* [Recorded information]

--------------------------------

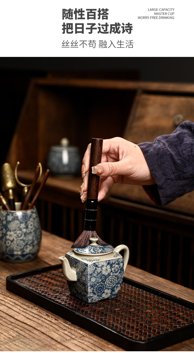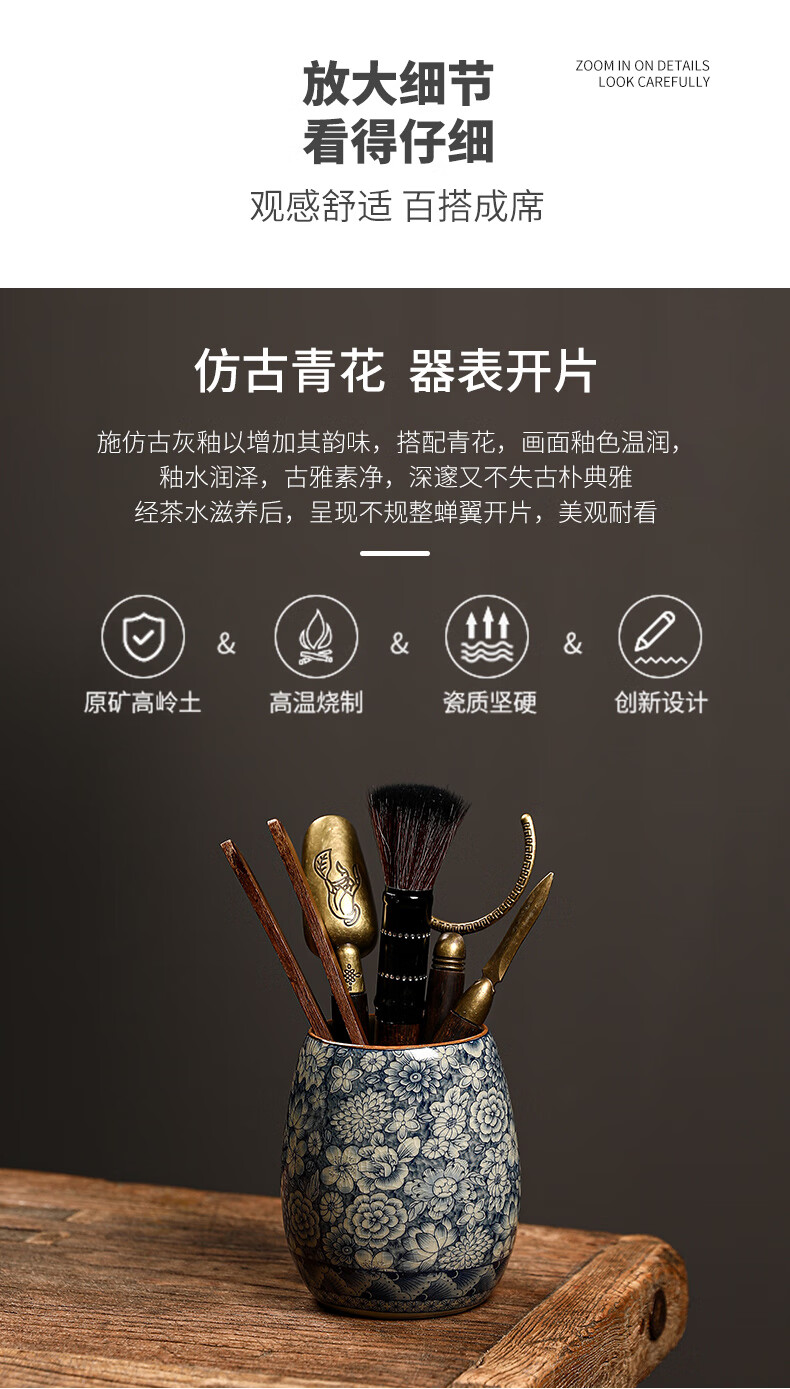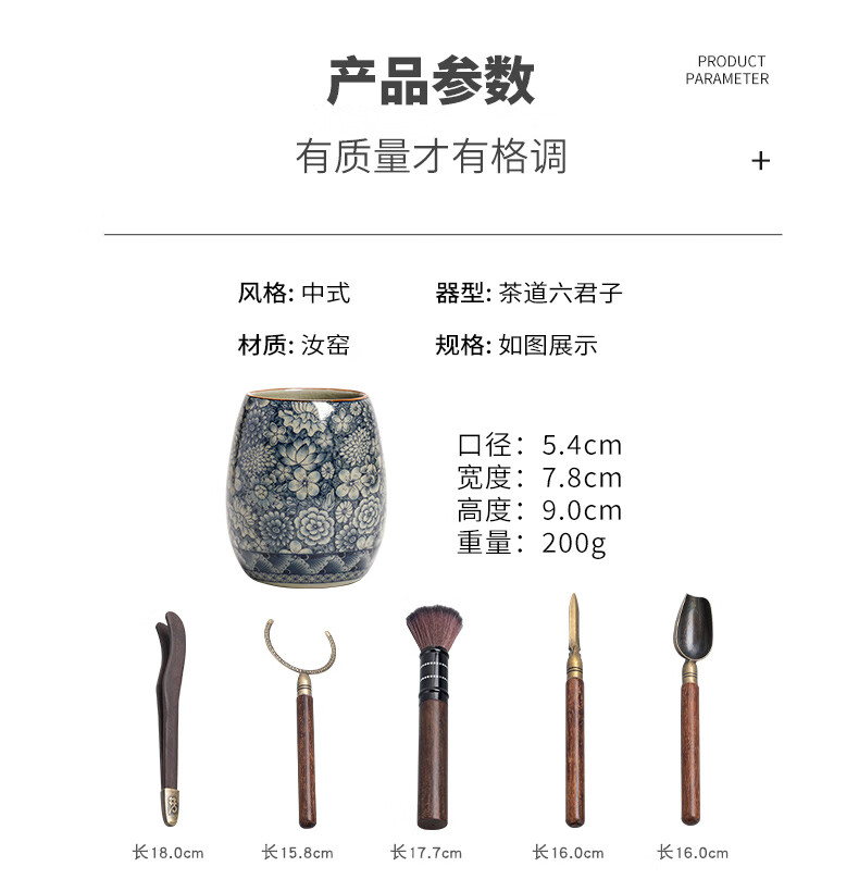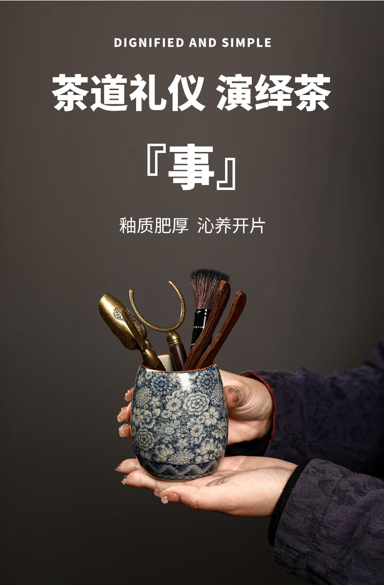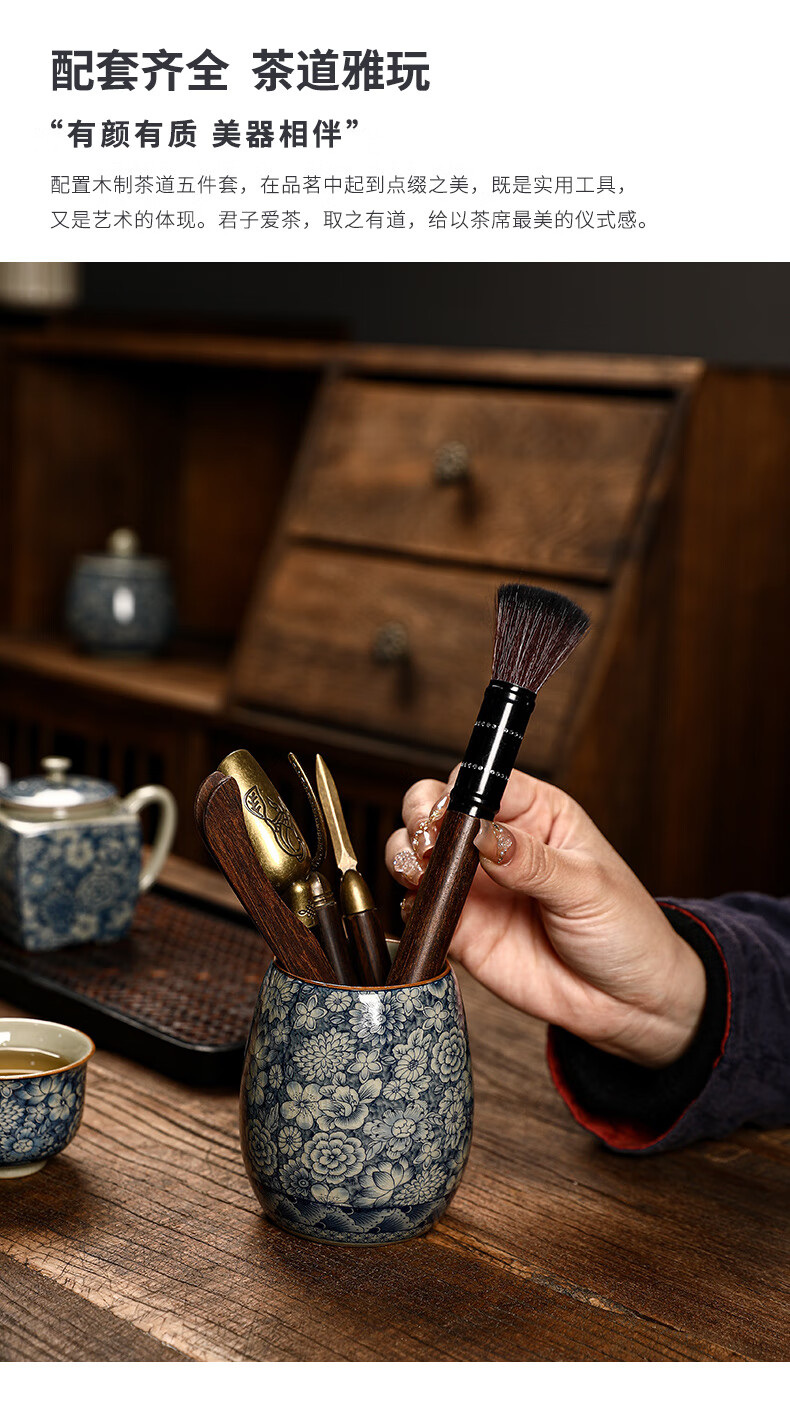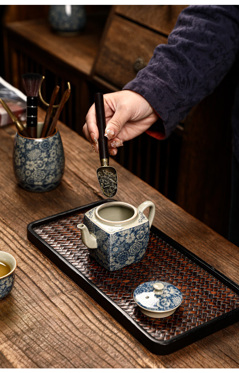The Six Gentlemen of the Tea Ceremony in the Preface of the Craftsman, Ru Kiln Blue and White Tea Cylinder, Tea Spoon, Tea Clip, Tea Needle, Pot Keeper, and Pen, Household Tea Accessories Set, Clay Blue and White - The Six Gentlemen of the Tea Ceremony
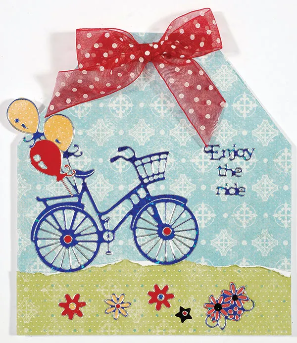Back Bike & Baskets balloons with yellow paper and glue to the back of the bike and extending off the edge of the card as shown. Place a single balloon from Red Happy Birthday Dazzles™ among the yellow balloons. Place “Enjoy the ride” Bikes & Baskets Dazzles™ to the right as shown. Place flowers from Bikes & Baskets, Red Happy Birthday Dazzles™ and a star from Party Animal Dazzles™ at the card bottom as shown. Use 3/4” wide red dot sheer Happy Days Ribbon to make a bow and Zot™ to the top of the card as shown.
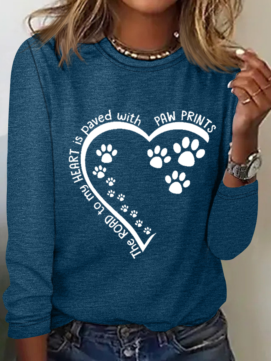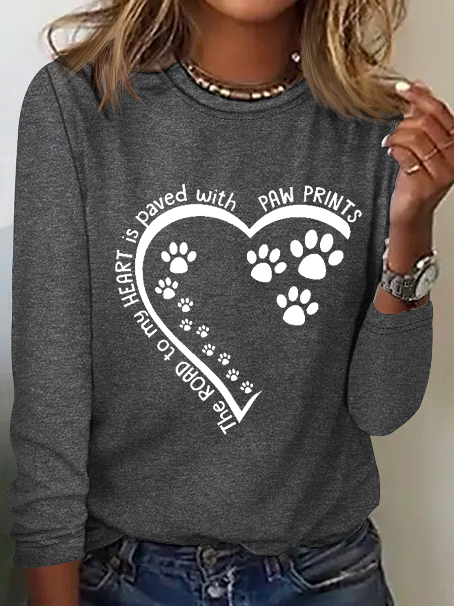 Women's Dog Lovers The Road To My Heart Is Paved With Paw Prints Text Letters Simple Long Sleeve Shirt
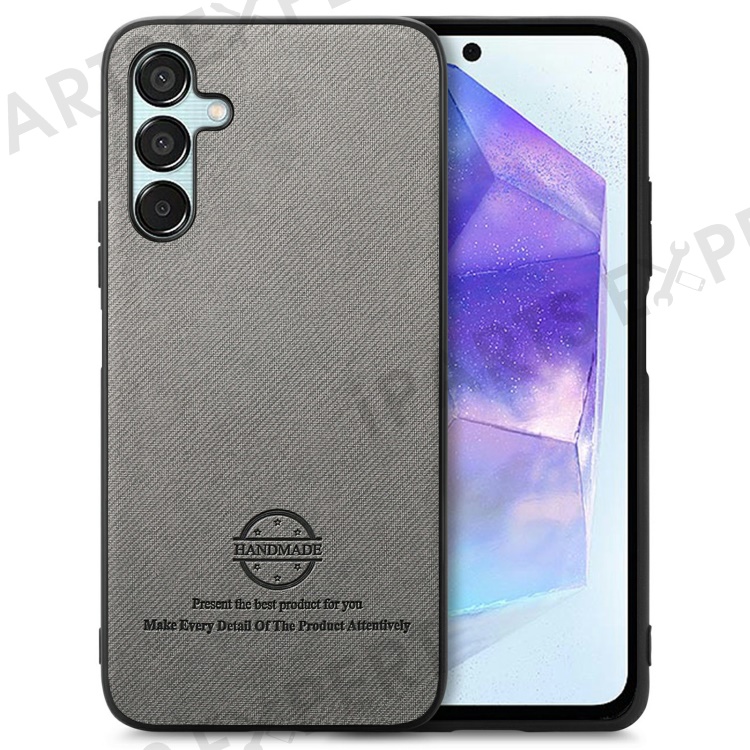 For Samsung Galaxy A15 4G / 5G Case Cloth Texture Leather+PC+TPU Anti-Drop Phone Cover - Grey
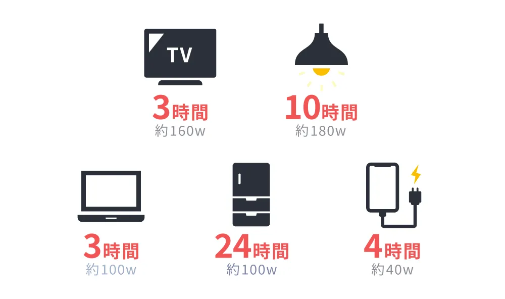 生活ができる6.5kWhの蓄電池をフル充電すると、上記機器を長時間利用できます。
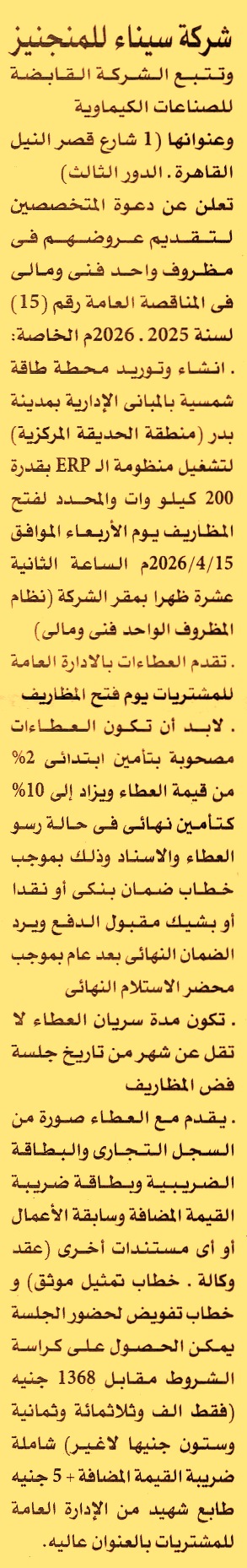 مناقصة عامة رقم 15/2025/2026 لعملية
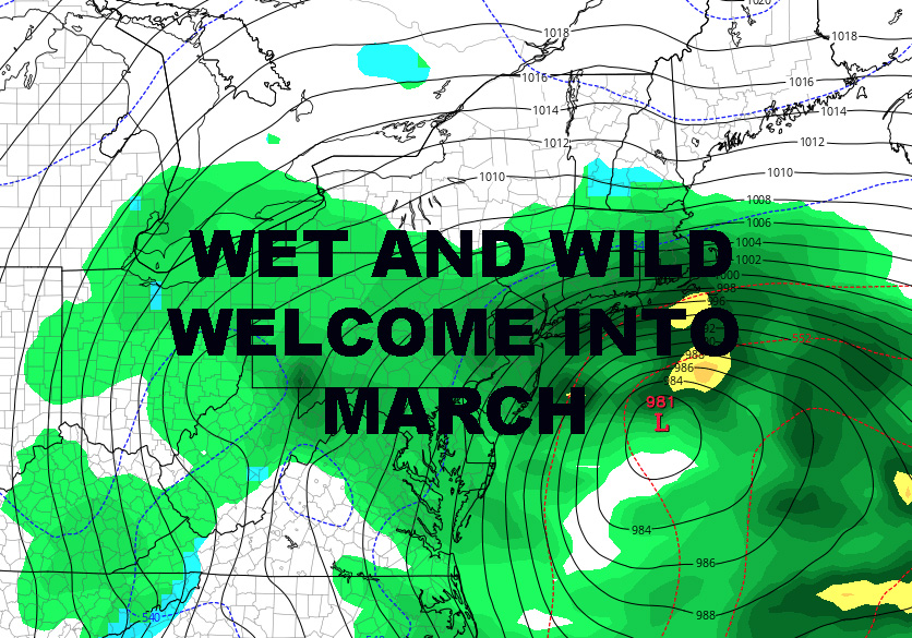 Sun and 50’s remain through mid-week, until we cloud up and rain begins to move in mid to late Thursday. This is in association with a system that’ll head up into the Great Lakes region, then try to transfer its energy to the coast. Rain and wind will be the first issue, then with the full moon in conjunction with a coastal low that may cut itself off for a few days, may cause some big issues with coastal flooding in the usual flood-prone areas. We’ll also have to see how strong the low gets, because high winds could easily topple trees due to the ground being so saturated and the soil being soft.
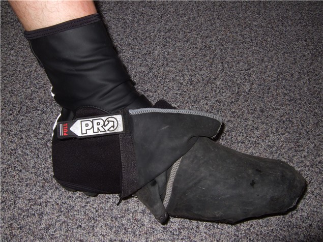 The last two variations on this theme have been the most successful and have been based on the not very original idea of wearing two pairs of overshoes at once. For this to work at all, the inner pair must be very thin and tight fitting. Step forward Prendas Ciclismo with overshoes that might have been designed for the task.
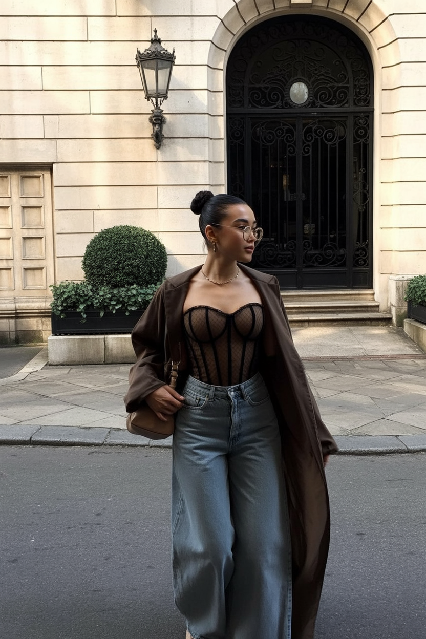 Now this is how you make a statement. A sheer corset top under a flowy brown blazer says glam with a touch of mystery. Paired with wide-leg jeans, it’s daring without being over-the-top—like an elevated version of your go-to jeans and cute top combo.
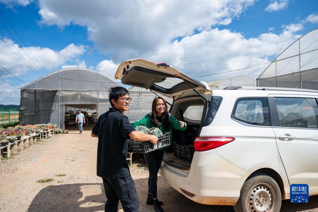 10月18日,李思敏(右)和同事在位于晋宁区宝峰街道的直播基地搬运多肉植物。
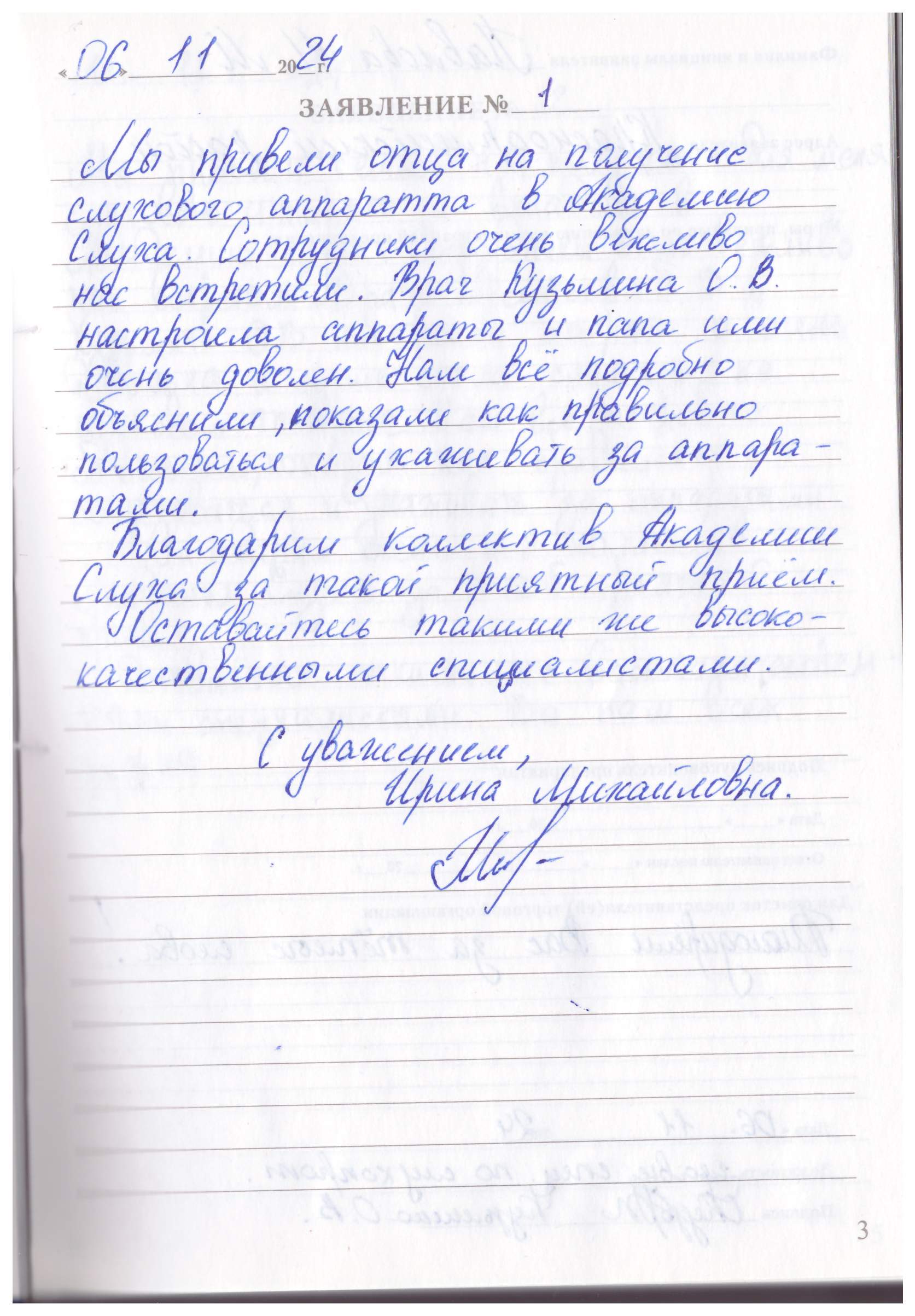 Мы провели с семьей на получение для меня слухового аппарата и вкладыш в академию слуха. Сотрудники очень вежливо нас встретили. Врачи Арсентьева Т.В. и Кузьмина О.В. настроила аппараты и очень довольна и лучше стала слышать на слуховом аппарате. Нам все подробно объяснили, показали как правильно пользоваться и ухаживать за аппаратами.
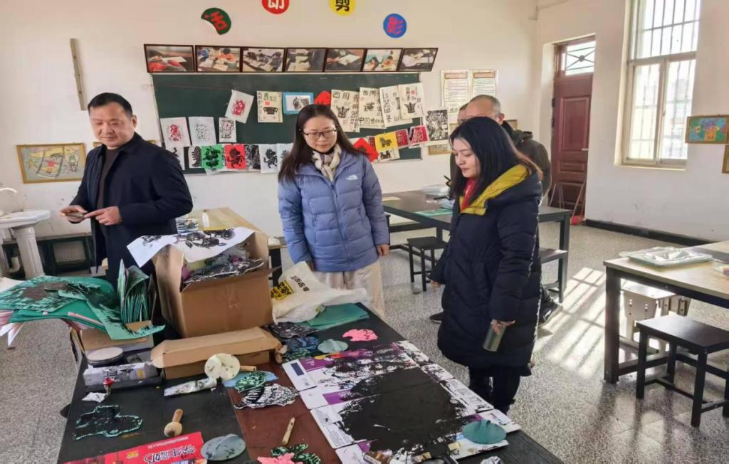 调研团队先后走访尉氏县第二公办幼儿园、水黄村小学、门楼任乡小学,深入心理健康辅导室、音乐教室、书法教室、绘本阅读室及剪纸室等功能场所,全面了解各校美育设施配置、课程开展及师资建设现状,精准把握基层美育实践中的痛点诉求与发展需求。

--------------------------------

* [About this task] What are the lines above from the one with "Now this is" to the one with "10月18日,李思敏(右)和同事在位于晋宁区宝峰街道的直播基地搬运多肉植物。", both included? Reproduce them exactly, without pictures.

* [Answer for the task]
 Now this is how you make a statement. A sheer corset top under a flowy brown blazer says glam with a touch of mystery. Paired with wide-leg jeans, it’s daring without being over-the-top—like an elevated version of your go-to jeans and cute top combo.
 10月18日,李思敏(右)和同事在位于晋宁区宝峰街道的直播基地搬运多肉植物。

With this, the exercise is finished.